Reinstall CEPH on Proxmox 6

lynn_yudi · Feb 21, 2020

Alwin said:
There seems to be some leftover. After you purged Ceph, is /var/lib/ceph/ empty? And is there no ceph.conf anymore?

Tried to purge and no ceph.conf anymore, it didn't work!
Tried many ways,
found out at last, with no this parameter, it‘s ok!

dropndestroy · Feb 22, 2020

@lynn_yudi Could you summarize the steps you took to install?

lynn_yudi · Feb 22, 2020

dropndestroy said:
@lynn_yudi Could you summarize the steps you took to install?

ceph install ?

dropndestroy · Feb 22, 2020

Yup, the ceph install on the latest 6.1.

I have some good news though. I re-installed the base 6.1 ISO (version 6.1-3) and followed along the simple installation steps for ceph:

1. install PVE
2. Install Ceph from UI
3. Configure with default network settings
4. Create PVE cluster
5. Install PVE on second node
6. Install ceph from UI
7. Add OSDs from all nodes
8. Create second monitor on second node
9. Create standby mgr on second node

The steps that I changed from my previous attempts were (The steps below would cause the steps above to fail):
1. Add no-sub repo
2. apt update && apt dist-upgrade

Something must be off with the latest 6.1-7 (?) (at least on my hardware)...

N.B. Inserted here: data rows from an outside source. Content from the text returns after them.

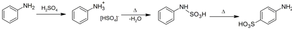 El ácido sulfanílico(Ácido 4-aminobencensulfónico o ácido para-aminobenzeno sulfónico o Ácido anilin-4-sulfónico) C6H7NO3S masa molecular: 173,2 es un sólido cristalino incoloro, inodoro que tiende a tener un aspecto grisáceo debido a la oxidación del aire derivado de la sulfonación de la anilina en su forma ácida. Se prepara calentando anilina con ácido sulfúrico a una temperatura de 190 °C durante varias horas; se forma primeramente sulfato ácido de anilina, después pierde agua con lo que se obtiene la formación del ácido fenilsulfámico que posteriormente se reordena a ácido sulfanílico.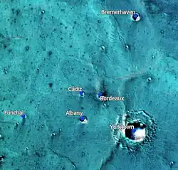 - Coordenada fijada tomando como base la latitud planetocéntrica con longitud Oeste; véase Unión Astronómica Internacional (noviembre de 2010). «Cádiz on Mars» (en inglés). Consultado el 23 de diciembre de 2010.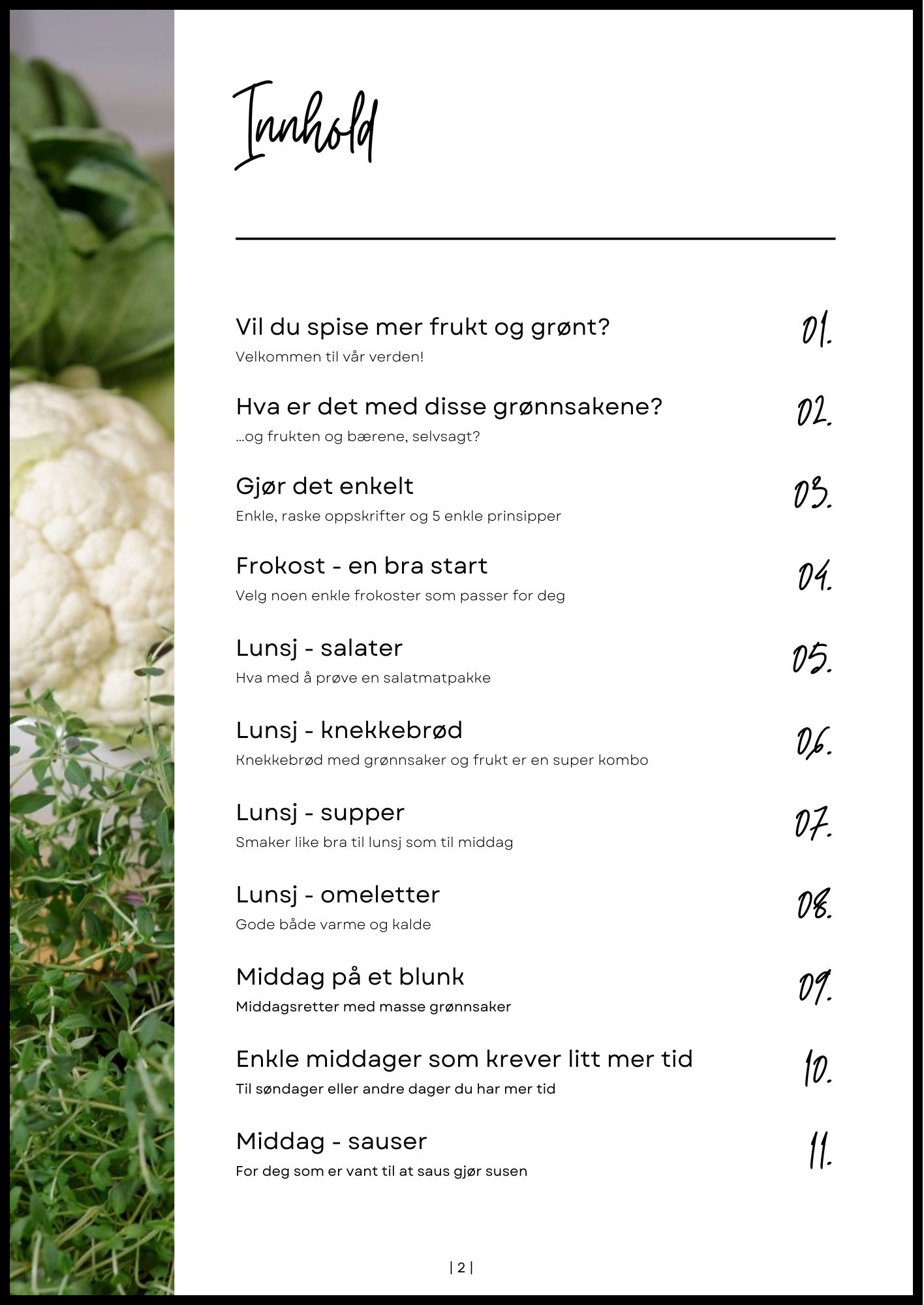 Så hva har vi gjort? Jo, vi har tatt utgangspunkt i oppskrifter vi liker og pimpet dem opp med MASSE frukt og grønt. Vi har tatt både to- og tre-gangeren. Og resultatet: Et kosthold som inneholder de (minst) 500 til 800 g frukt og grønt om dagen blir lett som en plett! Kokeboken gir deg over 50 oppskrifter på sunne, enkle og kjappe frokoster, lunsjer og middager. Under kan du se noe av innholdet for å få et inntrykk.
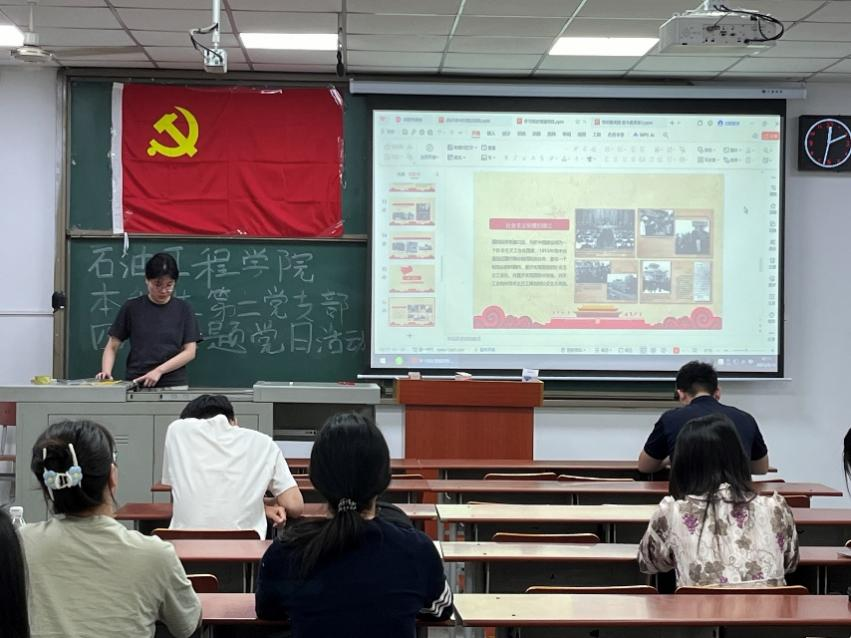 接着,由徐丰苗、汤羽翔同志讲授微党课。首先,他们指出党史是教科书,总结经验教训,助力传承传统、提升能力。随后分“新民主主义革命时期“,”社会主义革命和建设时期“,”改革开放新时期“三阶段梳理,展示中国共产党历史给予时代的意义,最后总结 “没有共产党就没有新中国”,强调党在新世纪肩负推进现代化、完成统一、维护和平的使命,需抓住机遇实现民族复兴。

My next step will be to somehow change the cluster network to my dual 10g intel cards + 10g switch, but I'm still researching how to change the cluster-network for Ceph safely on PVE. (if anyone has a guide or experience, please message me!)

lynn_yudi · Feb 22, 2020

First:
All nodes have been reinstalled and upgraded to the latest! (pve-manager: 6.1-7)

Second:
i'm want to use this parameter '-disable_cephx 1'
so, setup ceph cluster with pveceph cli, not in UI

1. pveceph install
2. pveceph init --network 10.0.115.0/24 -disable_cephx 1
3. pveceph mon create

after created first mon, next steps all in from UI,like:

Create second monitor on second node
Create standby mgr on second node
Add OSDs from all nodes
...

Note: this is the first time to create CEPH cluster on the new installed pve6 with all nodes and with latest.

all above it's ok.

---
But I want to recreate this CEPH cluster, so delete all previous configurations and purge all the ceph conf and dir's.

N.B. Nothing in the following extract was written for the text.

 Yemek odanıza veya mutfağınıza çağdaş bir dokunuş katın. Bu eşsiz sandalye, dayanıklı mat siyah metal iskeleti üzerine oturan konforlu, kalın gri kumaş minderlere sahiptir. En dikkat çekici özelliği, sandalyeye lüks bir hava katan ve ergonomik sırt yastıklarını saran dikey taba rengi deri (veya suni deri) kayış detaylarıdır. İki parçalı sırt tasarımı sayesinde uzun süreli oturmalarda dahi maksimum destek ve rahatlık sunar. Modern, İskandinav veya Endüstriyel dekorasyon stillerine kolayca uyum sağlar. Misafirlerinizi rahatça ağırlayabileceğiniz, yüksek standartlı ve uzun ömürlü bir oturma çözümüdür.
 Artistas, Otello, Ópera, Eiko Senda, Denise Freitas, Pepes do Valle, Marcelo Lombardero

and again to recreate the new CEPH cluster.

still from the cli.

pveceph init --network 10.0.115.0/24 -disable_cephx 1
pveceph mon create

And then it didn't work, like #16 as described

Before that, I tried the above advice, like #7 #8 #9 #10, but still fail!

So, I think this parameter is the key to the problem
of course, this is my environment, my test

albert_a · Mar 3, 2020

Did someone managed to fix it? I have the same issue:

Code:

# pveceph init  --disable_cephx 1 --network 172.22.255.0/24
# pveceph mon create
unable to get monitor info from DNS SRV with service name: ceph-mon
Could not connect to ceph cluster despite configured monitors
# ceph -s
unable to get monitor info from DNS SRV with service name: ceph-mon
[errno 2] error connecting to the cluster

Just reinstalled pve nodes but can not set up ceph...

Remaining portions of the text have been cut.